Lea Ypi habla de algo fundamental en sus lecturas sobre el “socialismo moral”: la diferencia entre la ética de la convicción y la ética de la responsabilidad.

La primera te pregunta si tus intenciones son reales, si tu discurso es empático, noble. La segunda te pregunta por las consecuencias, por la gente real que sufre o se beneficia de tus decisiones.

Petro vive en la ética de la convicción. Está del lado correcto de la historia porque condena a Netanyahu, porque se enfrenta a Trump, porque invoca a Bolívar. Las consecuencias —los empleos que se pierden, las exportaciones que se caen, los millones de colombianos cuyo futuro hipoteca— esas son secundarias. Lo que importa es el gesto.

En la entrevista, Petro termina invocando a San Francisco de Asís, el “último será el primero”, y declara en tono místico: “Ha comenzado la revolución de los humildes”. Habla de amor y codicia, de vida y muerte, de Trump y de la humanidad. Lo hace con la solemnidad de quien cree estar dictando una encíclica.

Pero mientras habla, la historia reciente de América Latina lo contradice. La moral no basta.

La izquierda que se niega a examinar sus fracasos termina devorándose a sí misma, repitiendo la liturgia del asedio para no rendir cuentas.

Vuelvo a citar a Malfred Gerig, quien lo resume sin anestesia: “El problema no es el bloqueo; es la incapacidad de producir, de planificar, de decir la verdad.”

Petro, que se proclama republicano, debería entenderlo mejor que nadie: la verdad pública es la primera forma de responsabilidad. Y al defender a Maduro, ha decidido abdicar de la república que dice encarnar.

La historia no es generosa con los que priorizaron la épica sobre la efectividad. No recuerda con cariño a los que eligieron el martirio retórico mientras su pueblo pagaba las cuentas.
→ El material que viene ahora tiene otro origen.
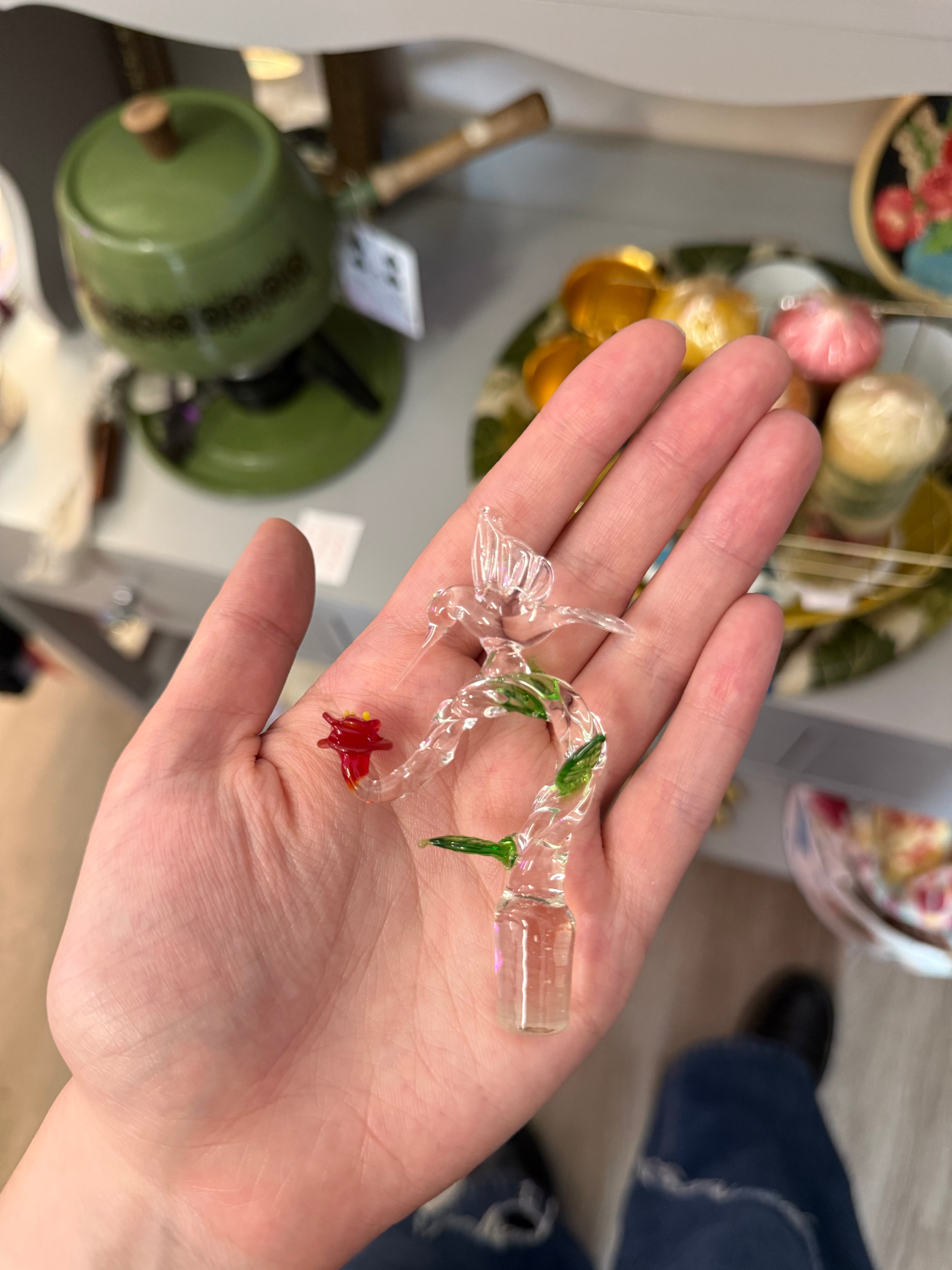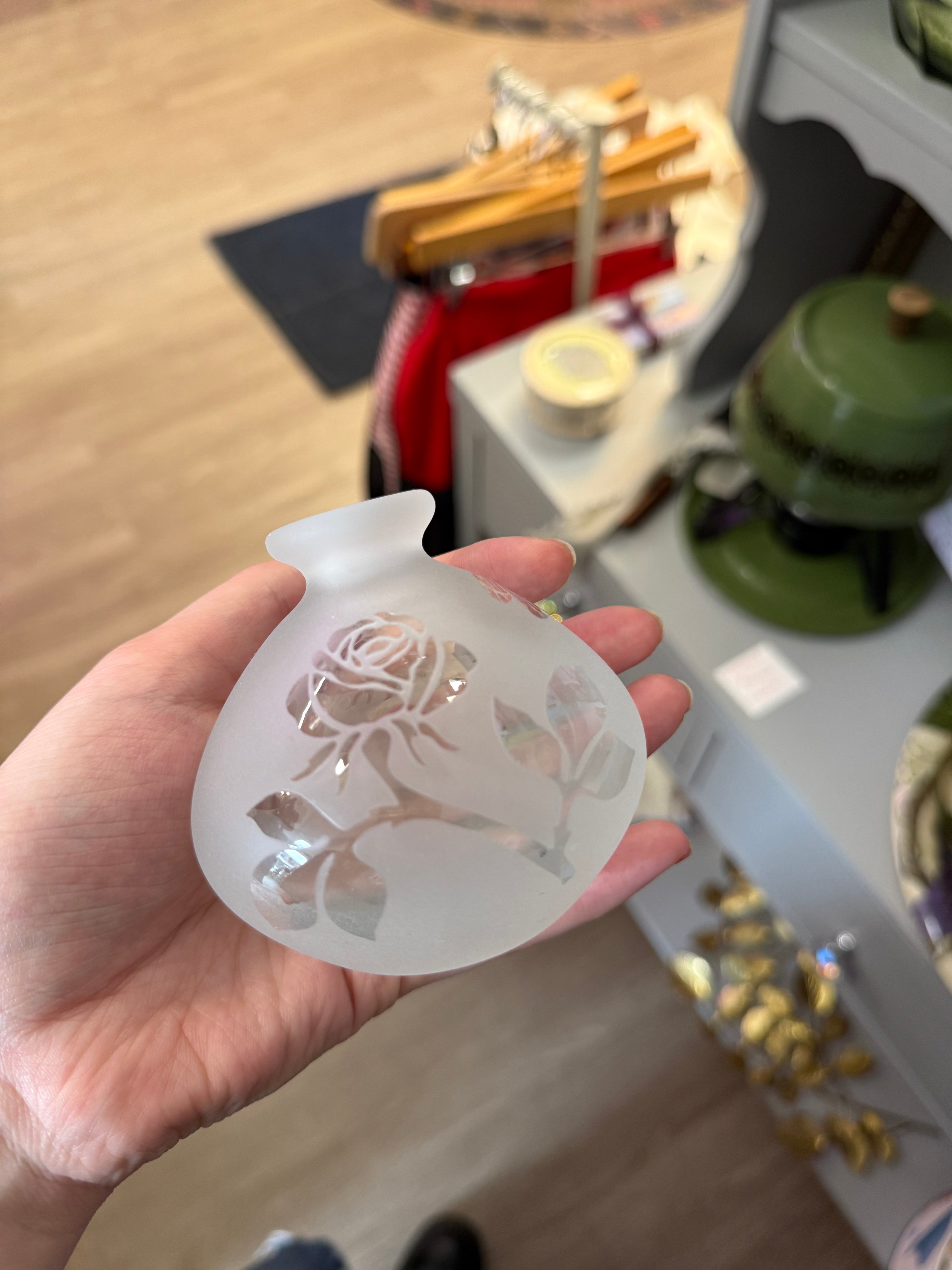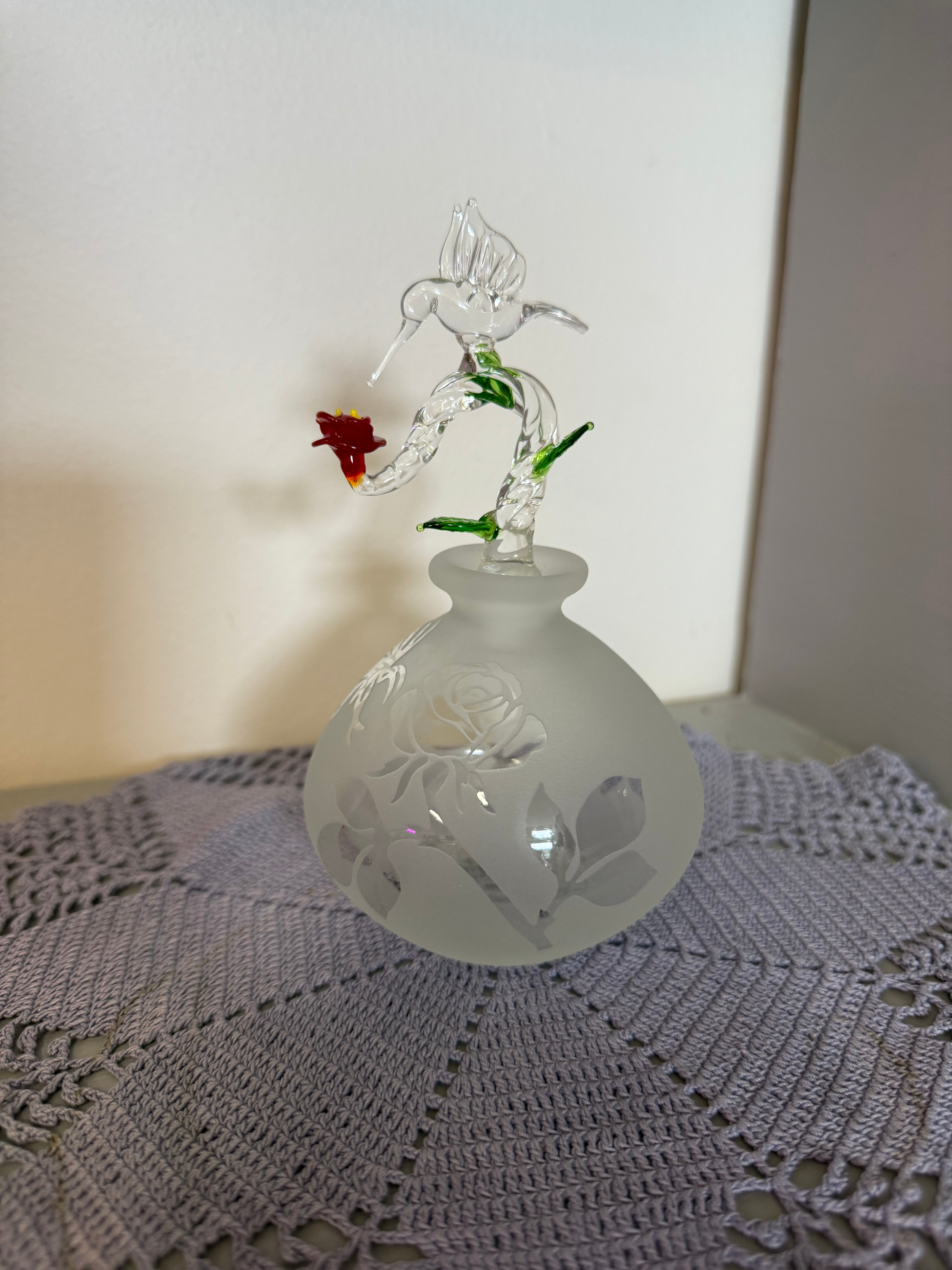 Vintage Perfume Bottle - Etched Rose & Hand-Blown Hummingbird Stopper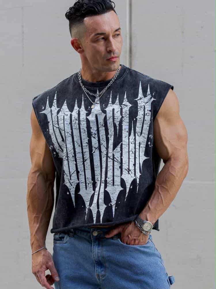 El corte sin mangas libera el movimiento y mantiene el cuerpo fresco, mientras que el diseño limpio le da una vibra minimal, masculina y directa.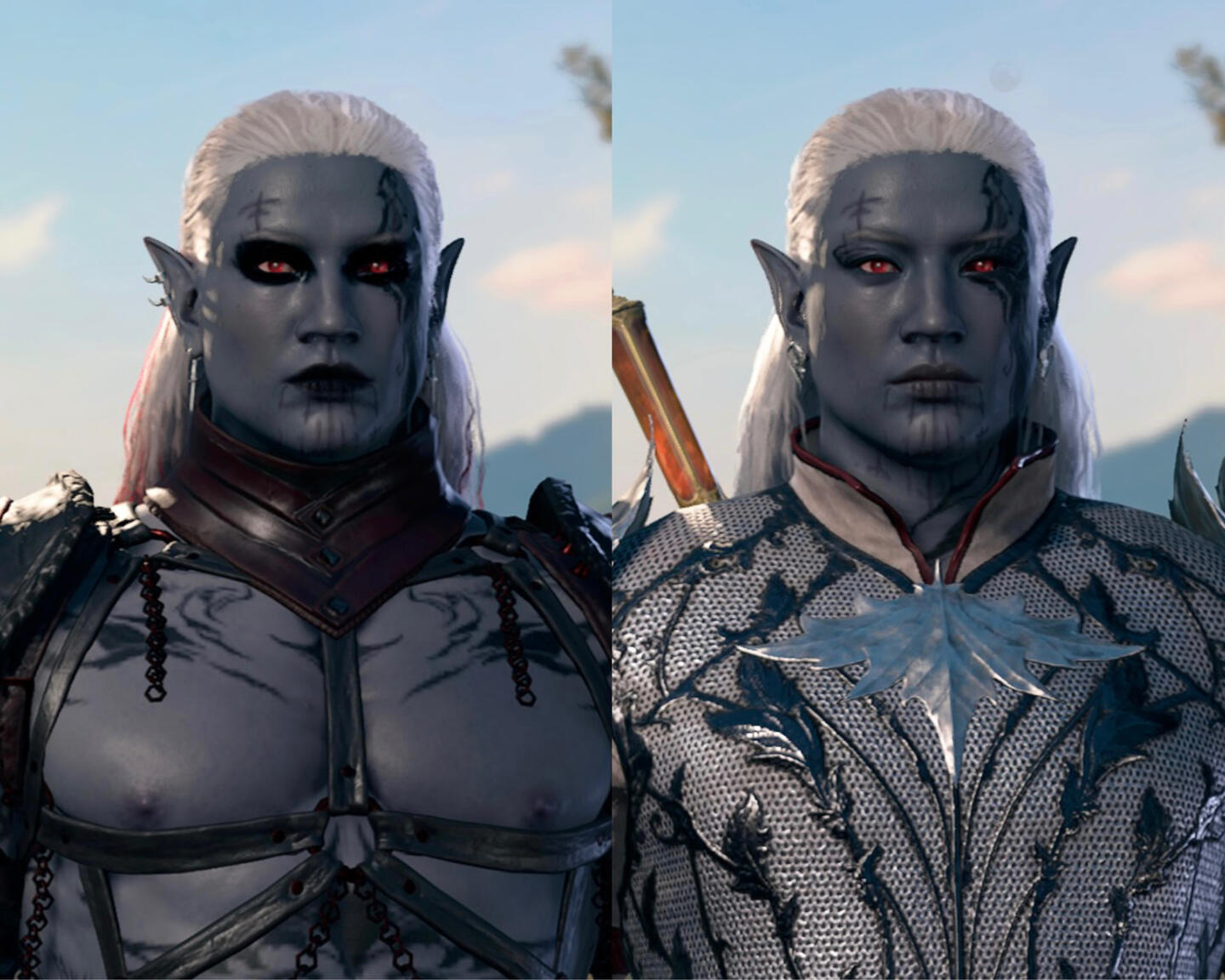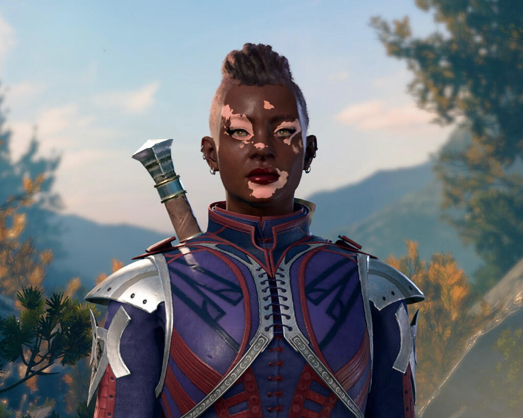 Azriel Duskraen, a drow warlock haunted by a Dark Urge;

Y sobre todo, la historia tiene memoria para las contradicciones.

Petro será recordado, sí. Pero no solo por sus discursos apasionados contra el imperialismo occidental.

También por sus silencios ante el imperialismo ruso.

Por su complicidad con la dictadura venezolana.

Por haber invocado a conveniencia el imperativo categórico kantiano.

Será recordado como el hombre que hablaba de dignidad mientras negociaba con quienes la pisoteaban.

Como el parresiasta de las verdades a medias.

Como el bolivariano que traicionó el principio republicano más básico: que el poder debe estar siempre bajo control del pueblo, de cualquier pueblo, no solo del que te conviene defender.

Marx escribió que “los principios no son el punto de partida de la investigación, sino su resultado final.” Petro invierte la fórmula: sacrifica los principios para sostener el resultado que quiere ver.

Cuando tus principios dependen de la coyuntura, cuando la solidaridad con un régimen pesa más que la solidaridad con sus víctimas, cuando el imperativo moral solo vale contra tus enemigos, entonces ya no tienes proyecto político. Tienes liturgia. Tienes performance. Tienes el deseo de ser inolvidable.

Foucault advirtió que la verdadera parresía es peligrosa precisamente porque no distingue entre amigos y enemigos. El parresiasta dice la verdad aunque le cueste, aunque lo aísle, aunque rompa alianzas.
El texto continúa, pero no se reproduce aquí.